Steve
Gruber – Director of Communications Mayor’s Alliance for NYC’s Animals
Hearing before the New York City Council’s Committee on Health Friday, September 13, 2024
T2024-2365
Oversight - The State of Animal Rescue in New York City
T2024-2364
A Local Law to amend the administrative code of the city of New York, in relation to the regulation of pet dealers and prohibiting the sale of dogs and cats in retail pet stores, and to repeal section 17-1706 of such code, relating to the exemptions for shelter and rescue partners
My name is Steve Gruber I’m the Director of Communications for the Mayor’s Alliance for NYC’s Animals. I’d like to thank City Council Speaker Adrienne Adams and Health Committee Chair Lynn Schulman for the opportunity to speak today about the state of animal rescue in New York City.
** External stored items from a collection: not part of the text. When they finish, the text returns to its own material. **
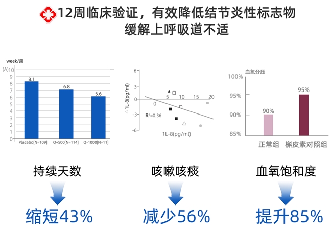 多项权威研究证实,槲皮素具备温和且靶向明确的作用特性——无需借助强效刺激成分,即可轻柔渗透肺部结节病灶区域,有效调控氧化-抗氧化平衡,抑制异常炎症反应,从源头破坏结节赖以生长的微环境,为敏感体质肺结节的长期稳定调理提供科学依据。在此基础上,五大复配成分与槲皮素形成高效联动:专利猫爪草提取物提升结节定向干预能力,蒲公英提取物舒缓肺部不适并辅助抗炎,紫苏梓发挥温润护肺、降低刺激的作用,乙酰半胱氨酸滋养呼吸道黏膜,夏枯草提取物协助调节肺内代谢平衡。多组分协同作用下,肺部组织修复效率较单用槲皮素提升45倍,真正实现“1+1>2”的养护效果,让敏感体质人群在结节调理中获得更具针对性、更温和且更高效的选择。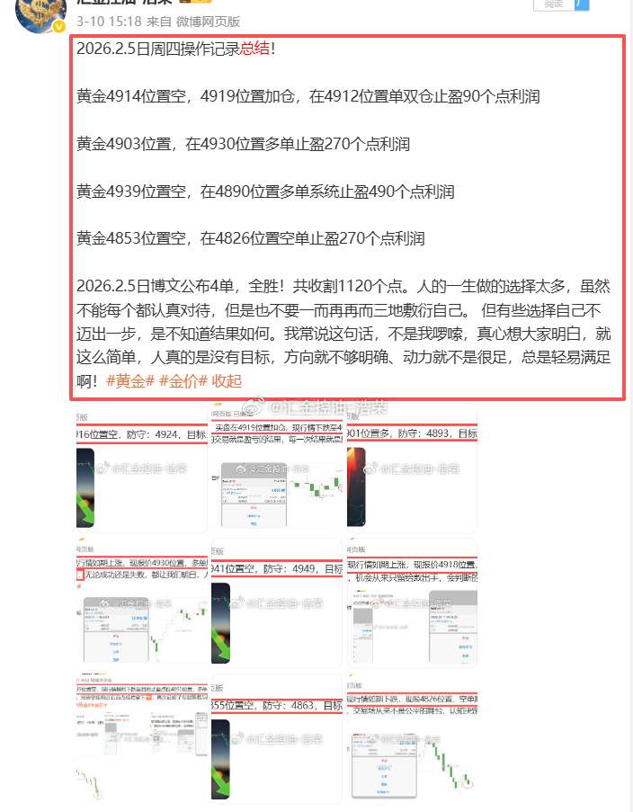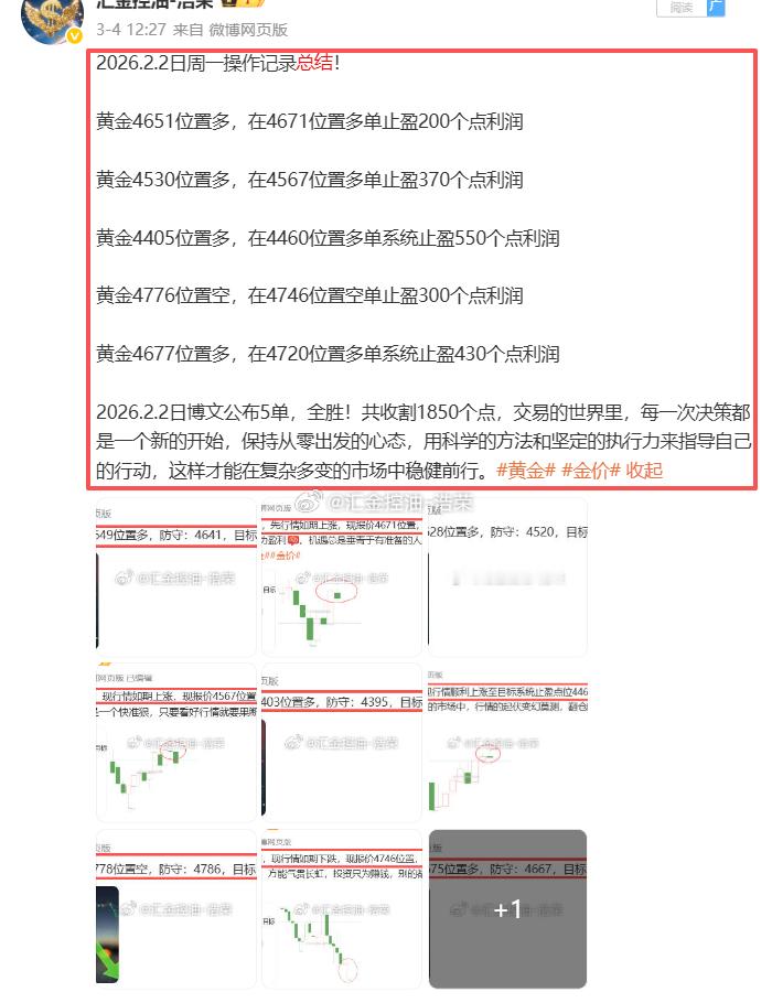 2026.2.5日周四操作4单,全胜,共斩获1120点利润网页链接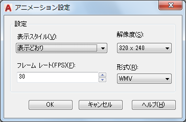 アニメーション出力形式を指定します。使用可能な形式は、[AVI]、[MPG]、[WMV]、[MOV] です。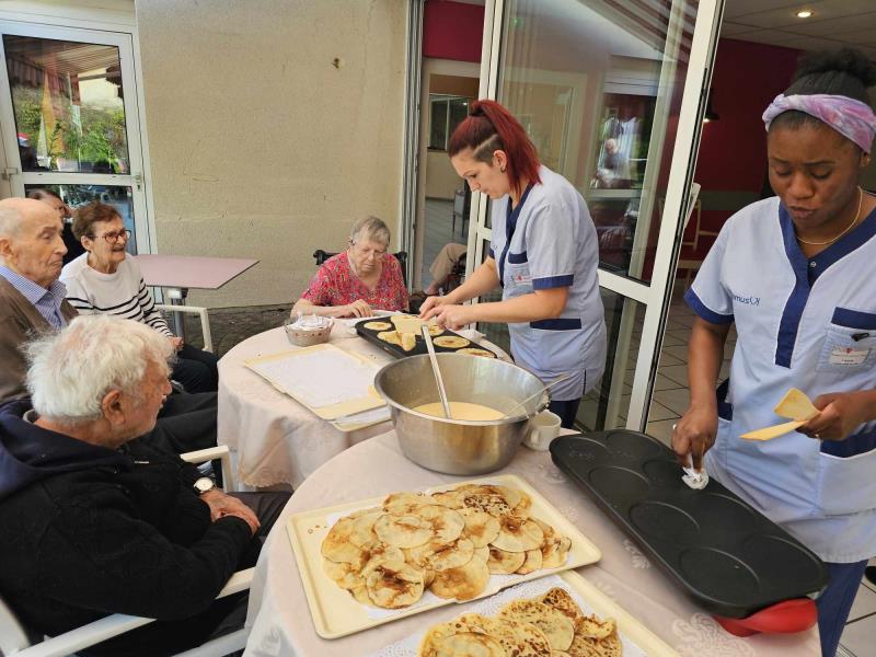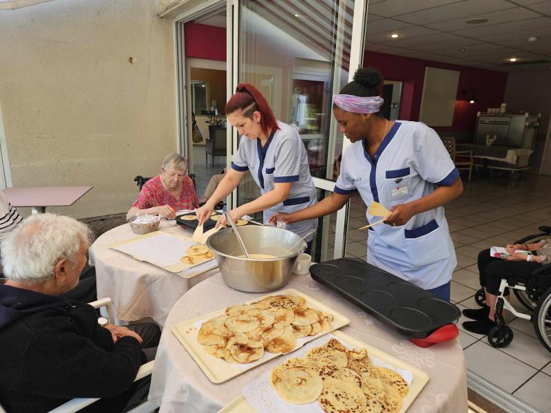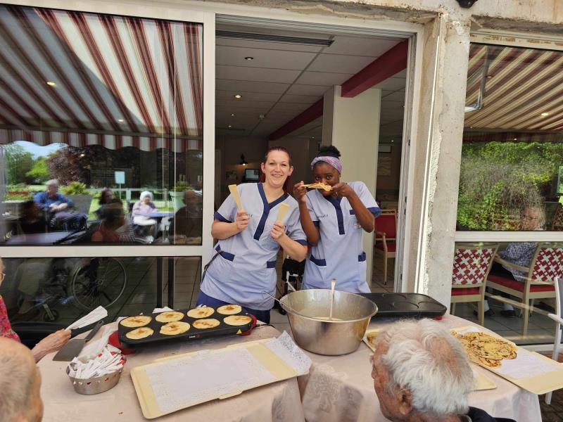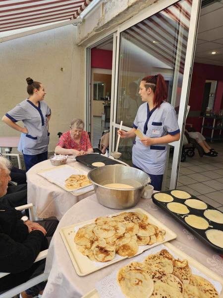 Samedi après midi, les aides soignantes ont organisé une activité crêpes sur la terrasse de la résidence. Le soleil présent ce jour, chacun a pu en profiter. Un moment de gourmandise ensoleillé. Ensuite, les crêpes ont été apportées à tous, en chambre, au salon pour profiter d'un temps de dégustation.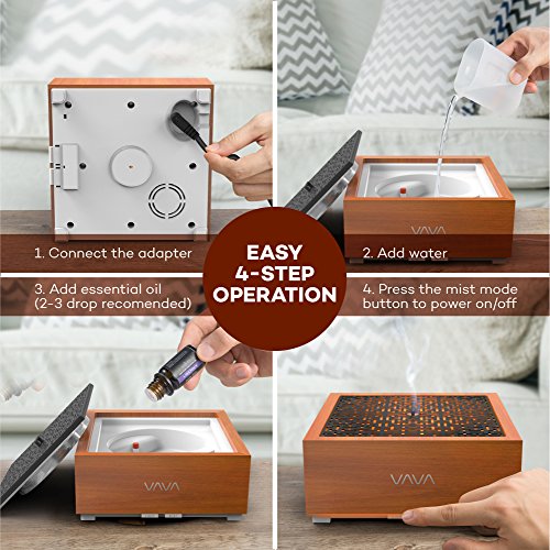 VAVA ESSENTIAL OIL DIFFUSER, 8-16 HOURS WORKING TIME, SQUARE AROMA DIFFUSER WITH REAL SOLID OAK WOOD, JAPANESE ZEN DESIGN ULTRASONIC DIFFUSERS, DIFFUSERS FOR ESSENTIAL OILS, WATERLESS AUTO SHUT-OFF

This week we received a call from a concerned pet owner in the Bronx. He reached out to the Mayor’s Alliance on behalf of some of his neighbors – seniors on fixed incomes – seeking free or at least affordable spay/neuter services. Their landlord has been pressuring them to get their cats altered because other tenants are complaining about the yowling and urine odor coming from the intact cats’ apartments. Frustrated by their inability to find affordable spay/neuter services, one neighbor released her cat outdoors. Another neighbor relinquished her cat to a shelter. Now, Yardia and Crystal, the two remaining pet owners with intact cats, are desperately trying to find an affordable spay/neuter provider so they can keep their cats. We’re working with the ASPCA to try to secure appointments for them.
To me, the plight of these pet owners pretty much sums up the current state of animal rescue in New York City.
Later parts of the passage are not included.